Running at almost 3 hours, James refuses to commercialize his subject. The subject is Ceasefire, a Chicago-based group of ex-gangbangers and gang leaders who now work as violence interrupters, walking the streets of Chicago in an attempt to convince gang members to give up the criminal lifestyle and instead make less money and wield less power on the streets.

Tio Hardiman, the director of Ceasefire, is completely aware of the difficulty of such a proposition, as are most of the interrupters. It’s this uncommon amount of honesty that allows James to get up close and personal into a world most are just as easy forgetting about.
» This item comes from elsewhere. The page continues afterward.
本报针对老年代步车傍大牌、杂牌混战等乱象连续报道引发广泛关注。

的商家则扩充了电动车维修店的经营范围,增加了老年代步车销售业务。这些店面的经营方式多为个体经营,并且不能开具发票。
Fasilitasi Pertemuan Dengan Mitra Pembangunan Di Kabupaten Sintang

There’s Lil Mikey Davis, an interrupter who went to prison for robbing a bank at gunpoint years earlier as a teenager. James follows Davis back to the bank to apologize to the employees who were there on that day. It’s a harrowing moment, so real it feels almost fake.

Then there’s Caprysha Anderson, a young, angry girl with an absentee, drug-addicted mother. Her only real hope is Ameena Matthews (shown above, in the middle), the daughter of legendary gang leader Jeff Fort, who roams the city streets preaching peace to those willing, and unwilling, to listen. She emerges as the true hero of the film, blindly convinced she can convince these young gang members there is another way.
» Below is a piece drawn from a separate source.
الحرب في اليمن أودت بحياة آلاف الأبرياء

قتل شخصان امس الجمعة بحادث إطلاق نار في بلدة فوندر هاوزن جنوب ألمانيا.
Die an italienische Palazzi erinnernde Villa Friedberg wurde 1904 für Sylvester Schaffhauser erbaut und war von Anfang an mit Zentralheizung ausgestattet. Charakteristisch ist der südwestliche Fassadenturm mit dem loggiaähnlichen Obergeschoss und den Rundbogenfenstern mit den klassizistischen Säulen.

Not unlike the HBO crime saga The Wire, James’ doc starts simply enough, presenting the conflict and jumping into what seems to be the solution. Then everything becomes more and more difficult. Things get entangled, answers aren’t so easy. We see that these interrupters aren’t all convinced they’ve made the right decision. It’s a dangerous job for not much money. A young interrupter earns a gunshot wound halfway through the film, and Hardiman can barely look at the young man without crying. Interrupters like Cobe Williams live with the sins of the past, making small change after small change in the name of the future.

But nothing’s easy, and James wants everyone to know as much. A particular scene in which Cobe gets two sons, members of opposing gangs, to meet with their mother after she’d ran from home months earlier, officially giving up on her boys, ends with a whimper than a bang. The victory winds up being the meeting itself more than any kind of resolution or dynamic change.

This isn’t Hoop Dreams. There’s no clear goal, no clear ending. Watching three hours of maybe is no easy task. There are no flash stat charts, no montages. It’s the camera, the criminals and the ex-criminals. We never see outside of this world. We’re in it, good and bad. James wants us to see the depths of the street game, even if he’s not sure how deep it takes to get to the bottom.